--- PROBLEM STATEMENT ---
In the entries that follow, find the line containing "Dans la continuité" and the line containing "Once you know", then retype exactly the lines from the first through the second, pictures excluded.

DATASET: Begin

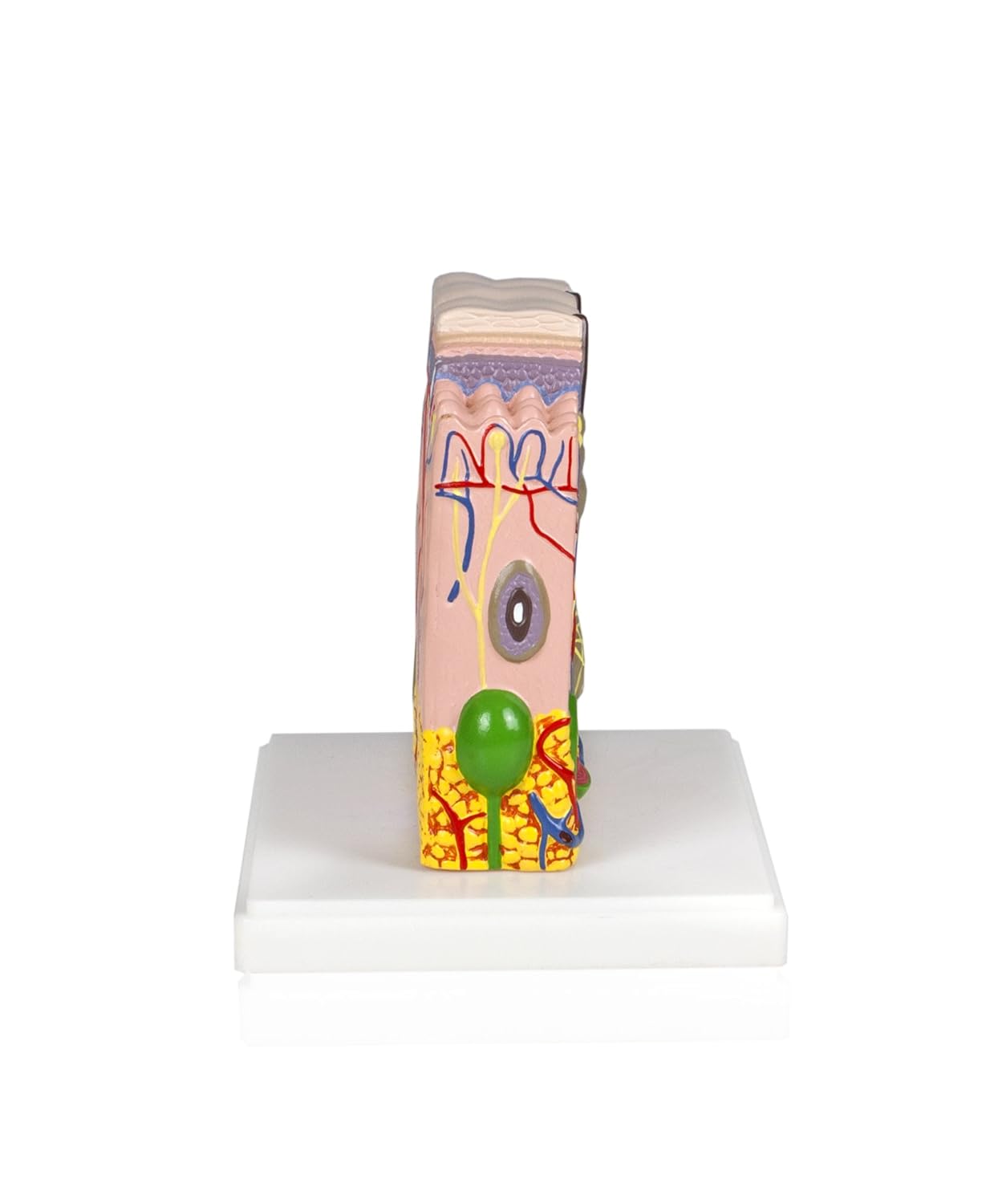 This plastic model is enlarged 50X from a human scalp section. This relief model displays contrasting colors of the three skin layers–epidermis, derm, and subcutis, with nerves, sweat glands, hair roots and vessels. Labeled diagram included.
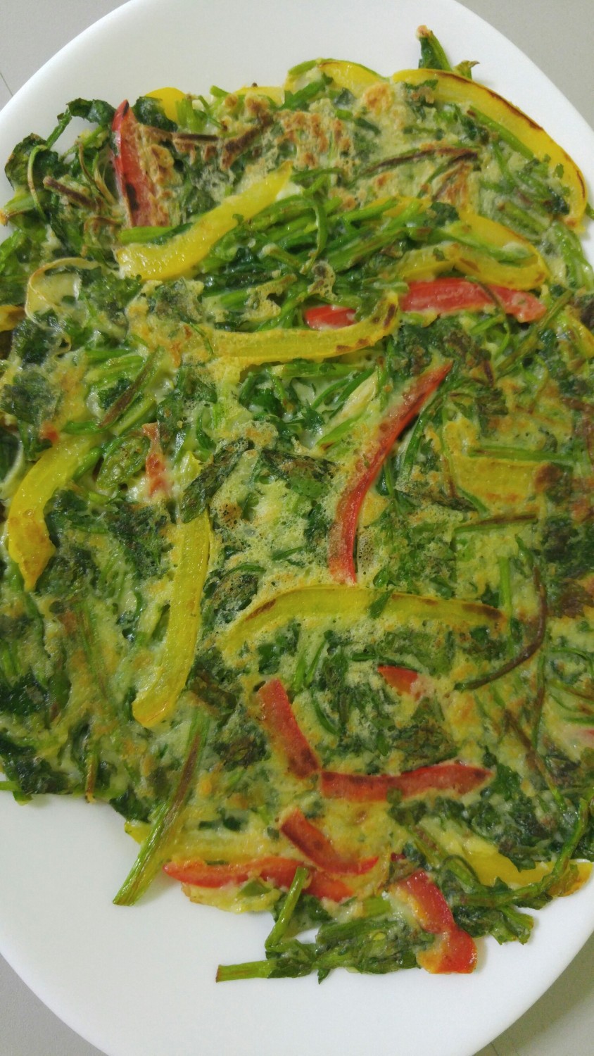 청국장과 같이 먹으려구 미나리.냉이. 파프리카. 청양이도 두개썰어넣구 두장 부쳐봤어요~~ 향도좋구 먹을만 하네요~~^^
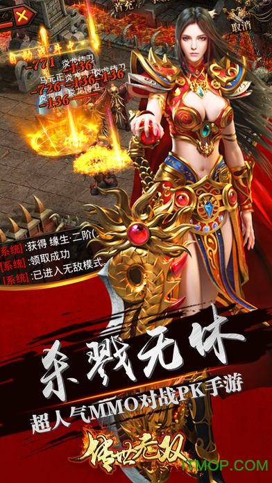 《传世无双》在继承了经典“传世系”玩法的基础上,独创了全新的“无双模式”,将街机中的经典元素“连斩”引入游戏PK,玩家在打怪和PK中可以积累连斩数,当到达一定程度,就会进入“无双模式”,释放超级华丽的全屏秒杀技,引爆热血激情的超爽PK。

DATASET: End
DATASET: Begin

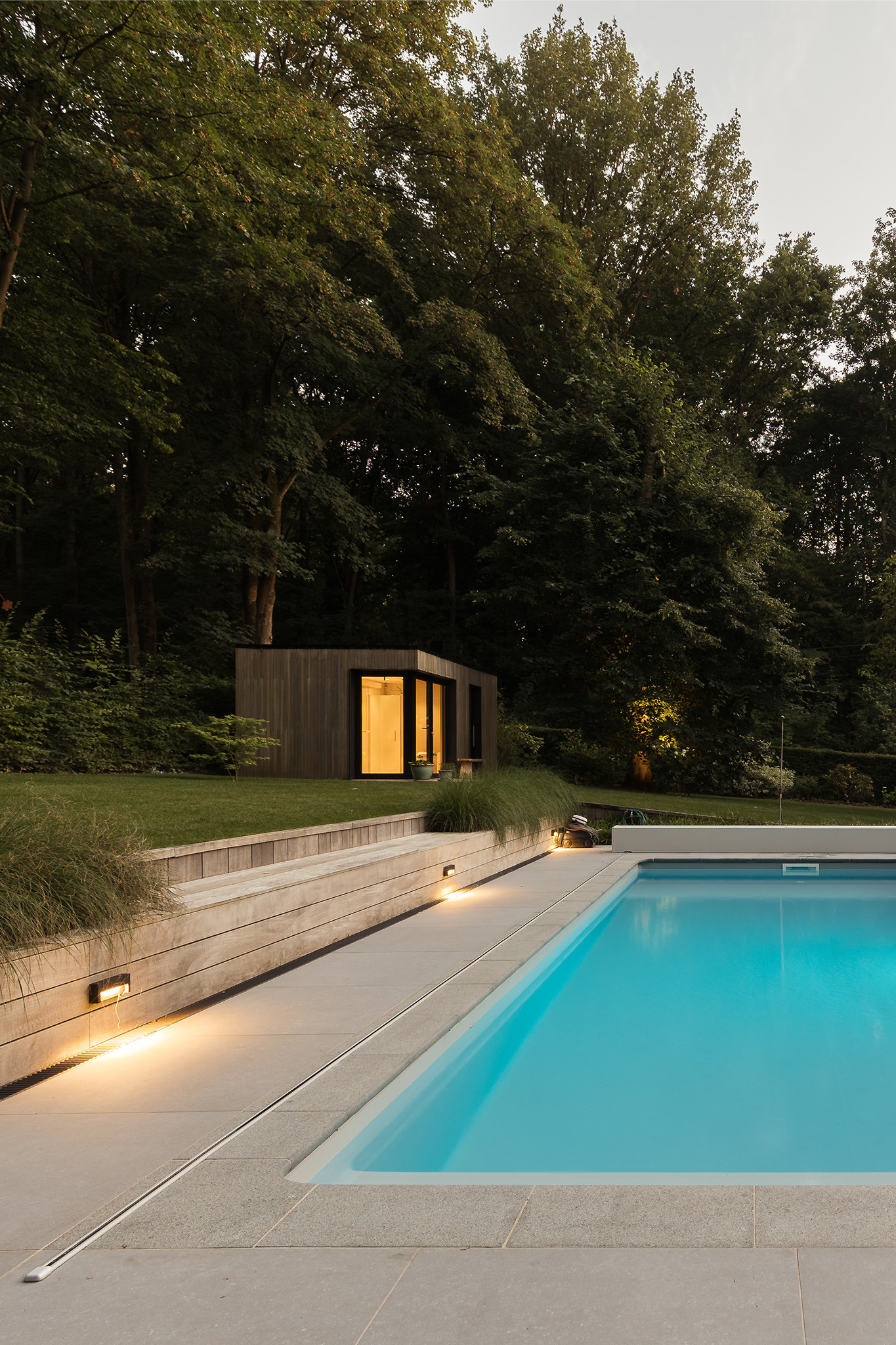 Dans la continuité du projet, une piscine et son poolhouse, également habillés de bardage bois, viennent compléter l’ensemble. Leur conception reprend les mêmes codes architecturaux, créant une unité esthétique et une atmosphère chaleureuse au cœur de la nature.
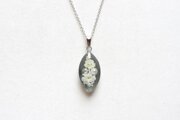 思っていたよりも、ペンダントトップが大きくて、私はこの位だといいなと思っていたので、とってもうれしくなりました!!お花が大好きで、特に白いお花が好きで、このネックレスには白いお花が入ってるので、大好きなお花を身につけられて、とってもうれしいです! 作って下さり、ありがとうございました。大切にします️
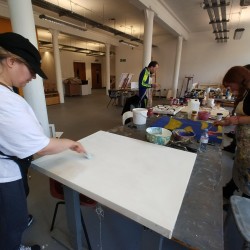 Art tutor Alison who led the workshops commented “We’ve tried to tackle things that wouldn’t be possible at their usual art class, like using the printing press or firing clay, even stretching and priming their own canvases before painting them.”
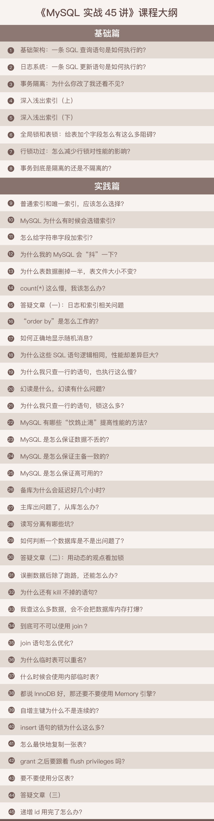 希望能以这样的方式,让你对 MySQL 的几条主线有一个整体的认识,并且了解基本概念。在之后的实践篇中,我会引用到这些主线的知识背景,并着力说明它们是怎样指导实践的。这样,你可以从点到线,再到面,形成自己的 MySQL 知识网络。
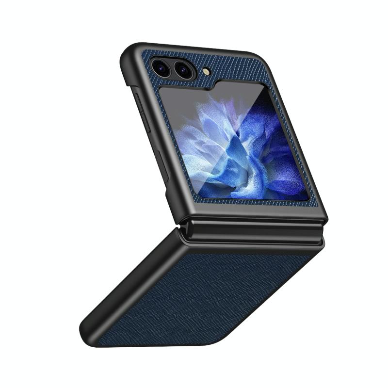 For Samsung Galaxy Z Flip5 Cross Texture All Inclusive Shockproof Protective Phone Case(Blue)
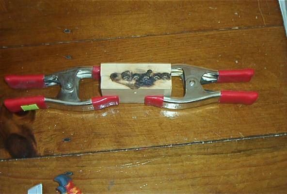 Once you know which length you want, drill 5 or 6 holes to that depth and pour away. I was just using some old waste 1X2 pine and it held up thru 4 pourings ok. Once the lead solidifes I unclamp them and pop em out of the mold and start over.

DATASET: End

--- EXERCISE RESPONSE ---
 Dans la continuité du projet, une piscine et son poolhouse, également habillés de bardage bois, viennent compléter l’ensemble. Leur conception reprend les mêmes codes architecturaux, créant une unité esthétique et une atmosphère chaleureuse au cœur de la nature.
 思っていたよりも、ペンダントトップが大きくて、私はこの位だといいなと思っていたので、とってもうれしくなりました!!お花が大好きで、特に白いお花が好きで、このネックレスには白いお花が入ってるので、大好きなお花を身につけられて、とってもうれしいです! 作って下さり、ありがとうございました。大切にします️
 Art tutor Alison who led the workshops commented “We’ve tried to tackle things that wouldn’t be possible at their usual art class, like using the printing press or firing clay, even stretching and priming their own canvases before painting them.”
 希望能以这样的方式,让你对 MySQL 的几条主线有一个整体的认识,并且了解基本概念。在之后的实践篇中,我会引用到这些主线的知识背景,并着力说明它们是怎样指导实践的。这样,你可以从点到线,再到面,形成自己的 MySQL 知识网络。
 For Samsung Galaxy Z Flip5 Cross Texture All Inclusive Shockproof Protective Phone Case(Blue)
 Once you know which length you want, drill 5 or 6 holes to that depth and pour away. I was just using some old waste 1X2 pine and it held up thru 4 pourings ok. Once the lead solidifes I unclamp them and pop em out of the mold and start over.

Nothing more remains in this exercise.